È necessario pertanto definire:

  1. dove collocare le fasce boscate periurbane: è condizione necessaria e irrinunciabile localizzare in modo puntuale, su cartografia di dettaglio, le aree da dedicare agli interventi per la realizzazione di fasce boscate periurbane;
    1. quando iniziare l’intervento di forestazione: è condizione necessaria e irrinunciabile stabilire i tempi di intervento, perché l’utilizzo delle piante è condizionato dalla loro ciclo biologico. Infatti, i tempi per l’intervento sono ben precisi e prudenzialmente si indicano da novembre a marzo durante la fase del fermo vegetativo.
    1. quale materiale utilizzare: è condizione necessaria e irrinunciabile utilizzare materiale vegetale (erbaceo, arbustivo, arboreo) tipico del territorio di intervento, della vegetazione potenziale spontanea del luogo e prelevato quanto più vicino possibile al luogo dell’operazione e pertanto è necessario pensare a costituire per tempo vivai forestali.

Ciò richiede l’implementazione delle quattro fasi descritte nella parte iniziale, con il sostegno attivo della pubblica opinione che divenga subito parte attiva nel chiedere questi interventi strutturali. Purtroppo i processi culturali hanno di solito tempi molto lunghi, pertanto anche in assenza di stimoli dal basso è necessario che la pubblica prenda l’iniziativa svolgendo un ruolo di promozione culturale.

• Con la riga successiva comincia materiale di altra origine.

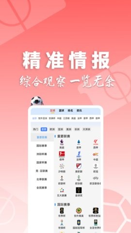 赛事类型:支持多种体育项目分类浏览,您可以根据个人喜好选择足球、篮球等不同项目,轻松获取相关赛事情报。

Le iniziative della pubblica amministrazione per sviluppare fasce boscate periurbane e il processo formativo/culturale dell’opinione pubblica devono partire fin da oggi e camminare in parallelo affinché i risultati siano concreti e soprattutto duraturi.


[1] L’ExtraTerrestre supplemento a “Il Manifesto”, 2 dicembre 2019, pp.72-73

[2] Ecosistema = L’ecosistema è l’unità ecologica fondamentale, formata da una comunità di organismi viventi in una determinata area (biocenosi) e dallo specifico ambiente fisico (biotopo), con il quale gli organismi sono legati da complesse interazioni e scambi di energia e di materia. Un ecosistema comprende diversi habitat e differenti nicchie ecologiche. L’habitat è il luogo fisico dove un animale o una pianta vivono normalmente, in genere caratterizzato da una forma vegetale o da un aspetto fisico dominante (per esempio, un corso d’acqua o una foresta).  La nicchia ecologica è il ruolo ecologico, o “funzione”, che ogni specie occupa all’interno di un habitat, cioè è uno spazio che include tutti gli aspetti dell’esistenza di quella specie. Per esempio, una nicchia ecologica è definita dalle esigenze alimentari, dalle abitudini di vita e dalle interazioni della specie considerata con altre specie, oltre che dalle condizioni climatiche e chimico-fisiche. La nicchia ecologica è unica per ogni specie.

Tratto da: http://www.sapere.it/sapere/strumenti/studiafacile/biologia/Organismi-e-ambiente/Fondamenti-di-ecologia/L-ecosistema.html  (Ultima ricerca il 12/12/2019)

[3] Tempo di corrivazione = è il tempo che impiega la pioggia, cadendo a terra, per raggiungere il corso d’acqua più vicino.

[4] Malcevschi S., Bisogni L.C., Gariboldi A., 1996 – Reti ecologiche ed interventi di miglioramento ambientale. Il Verde Editoriale

[5] DECRETO-LEGGE 14 ottobre 2019, n. 111. Misure urgenti per il rispetto degli obblighi previsti dalla direttiva 2008/50/CE sulla qualità dell’aria e proroga del termine di cui all’articolo 48, commi 11 e 13, del decreto-legge 17 ottobre 2016, n. 189, convertito, con modificazioni, dalla legge 15 dicembre 2016, n. 229.